API Gateway Lambda Authorizers

API Gateway Lambda Authorizers are Lambda functions which are called by APIGateway to control access to our functions. With a Lambda authorizer, we can allow a request to continue to our API or reject the request as unauthorised. This means that we can control who can access our APIs.

One of the advantages of using a Lambda authorizer is then we can centralize our authentication logic in a single function instead of packaging in each individual function.

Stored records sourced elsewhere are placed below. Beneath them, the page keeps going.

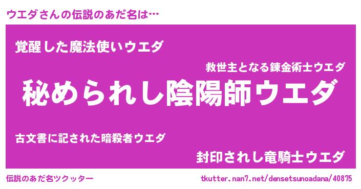 | ヒーロー風カッコイイあだ名 | 『仮面ウエダー』『ウルトラウエダマン』 |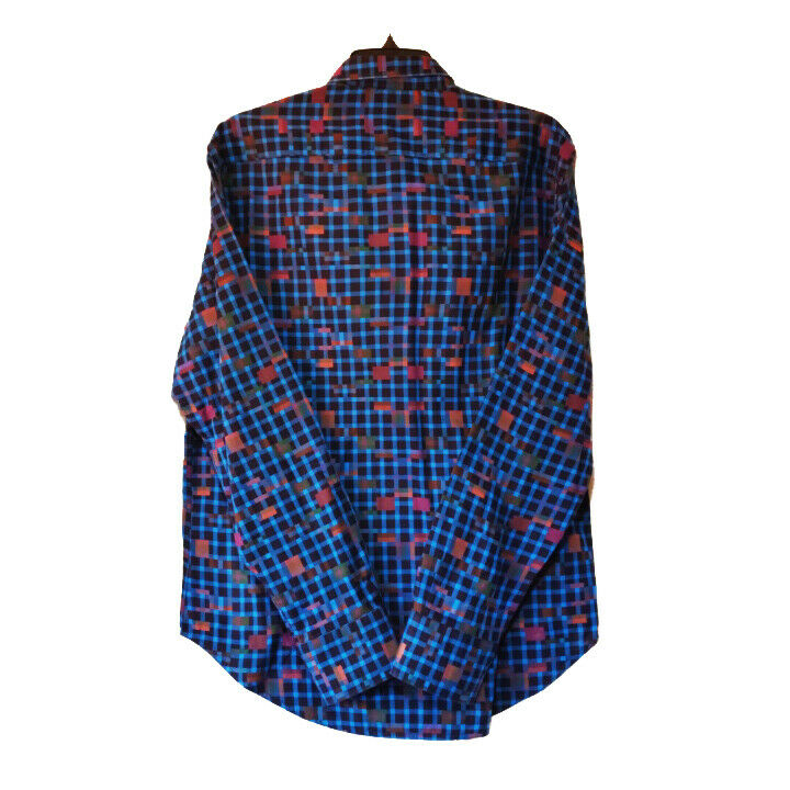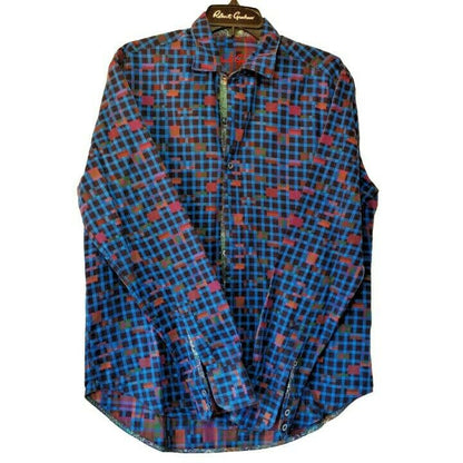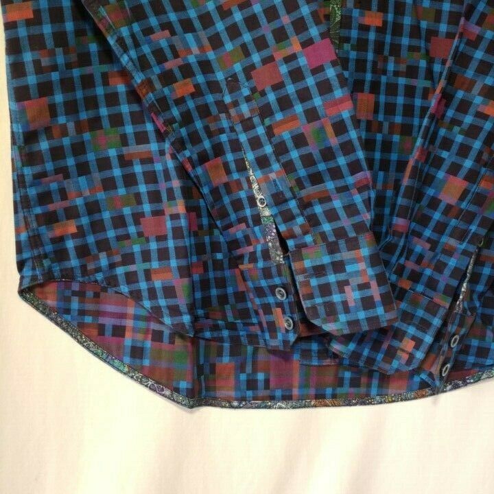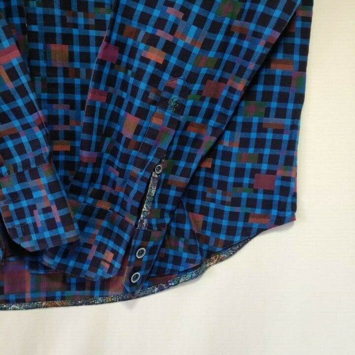 100% Original ROBERT GRAHAM long-sleeved button down classic fit shirt. Color and bold printed pattern with embroidered "RG" logo at the bottom of the hem.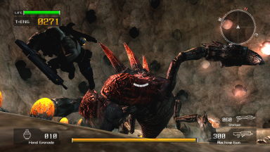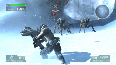 Taking a cue from the immense success of the Gundam arena fighters, Capcom decided to make their newest one and all-new IP on next-generation hardware. Has it become as popular as the Gundam games that have ruled the arcades recently? The answer is, yes. Like Red Dead Revolver, with Lost Planet Capcom essentially made a robust multi-player game with one hell of a single-player game. People say it's like Ghost Raccoon, and Capcom admits the influence of American first-person shooters, but they actually borrowed a few things from a host of their own arena fighters. Lost Planet is not an entirely new concept in itself; it's basically just a continuation of a sub-genre that Capcom started on the DreamCast hardware (with games like Spawn, Heavy Metal, and Power Stone 2) and then continued (albeit on life-support) on the PlayStation 2 and GameCube hardwares (with Onimusha Blade Warriors and Gotcha Force, respectively). Even back when they made Spawn, it was said that Capcom looked to create something with elements from first-person shooting games. The game wasn't very successful (in America), but at least they used it to pour the foundation for future arena battle games with an emphasis on firearms and explosives. Anyway, LP is often praised for being innovative, but the ingredients of its strangely alluring mix of features have been seen before. If I'm not mistaken, the roll and weapon systems are from Spawn, Bionic Commando pioneered the hook-shot, and manning war machines (like turrets) was one of Power Stone 2's most distinguishing features. Even the mechs look like something out of Steel Battalion, and more comparisons can be drawn from there. Not to say they didn't put anything unique in the game (the Data Post and T-Energy system are fresh), it's just that LP's most distinguishing features seem to be the most distinguishing features of past Capcom titles. LP attempts to repeat history, but falls short. The visuals are fresh and unique. Though they are photo-realistic, there are certain attributes of the characters that give them that distinct Japanese look (Luca and Yuri's designs, in particular), and it even borrows the grappling-hook Bionic Commando is known for. With the cool futuristic weapons and other gadgets, it's almost like the game was designed to be a testing ground of sorts for the new Bionic Commando (which has already been announced and shown at the time of this writing). The mechs, however, are clunky (for the most part) and feel less like the sleek machines you see in stuff like Gundam or Zegapain. The exceptions to this are Wayne's mech (which looks mean as hell in its final transformation) and a female boss mech (that actually has a curvaceous flair). At first glance, the graphics look awesome, with seemingly-boundless, intricately-detailed environments and equally-stunning enemies. Using the same graphics engine as Dead Rising and Devil May Cry 4, they really built on environmental interaction since their older DreamCast arena fighters (like Spawn and Heavy Metal), and there's a lot of stuff to use and/or blow-up. The animation in this game is difficult to gauge, though. At times it gets jerky for unknown reasons, and then it runs normally (yes, even in HD). It's subtle, but it's there, and it's not just limited to character animation; the backgrounds seem to do it a little, too. On a side-note, even with all the guns and explosions, there's no blood or body parts, but characters still show painful reactions to the powerful weapons (some of their death animations are actually sad to watch). There is a meaty 1-player mode, but 2-16 multi-player is probably considered to be the core of this game, and it's really a mixed-bag. On one hand, it can be really fun with fifteen other players on the battlefield, but then you got a bunch of lazy, bastard-ass, cheating motherfuckers who play in Elimination matches just to team kill with their friends. This alone makes true Elimination matches virtually impossible, limiting multi-player to the cooperative modes. It wasn't a big problem when the game released, but team-killing has grown exponentially, and hasn't gotten any better. Another thing I really don't like is when some random asshole just happens to re-spawn right in front of me and I get helplessly gunned just because he had invincibility. It always happens to me. Granted, the spawn invincibility was put into the game to avoid re-spawn-point camping, but still. Dudes just pop-up out of nowhere and you can't do anything but run your ass off and pray. Re-spawning in general takes too long, and should be quicker; seven seconds may not seem long, but it is when you got a post going down because some motherfucker from the other side was lucky-enough to have spawned by it. As if the multi-player wasn't frustrating-enough already...

This means that we are able to easily update and deploy our single auth function without needing to redeploy each function that uses authentication. Another advantage with using Lambda authorizers is that we are able to cache responses with auth logic that make remote calls. Making such remote calls can add unnecessary latency with every function running a check. Lambda authorizers also allow us to integrate third-party identity providers to control access to resources in API Gateway without having to configure services such as Amazon Cognito. It also gives us a flexibility in customising our authorization logic.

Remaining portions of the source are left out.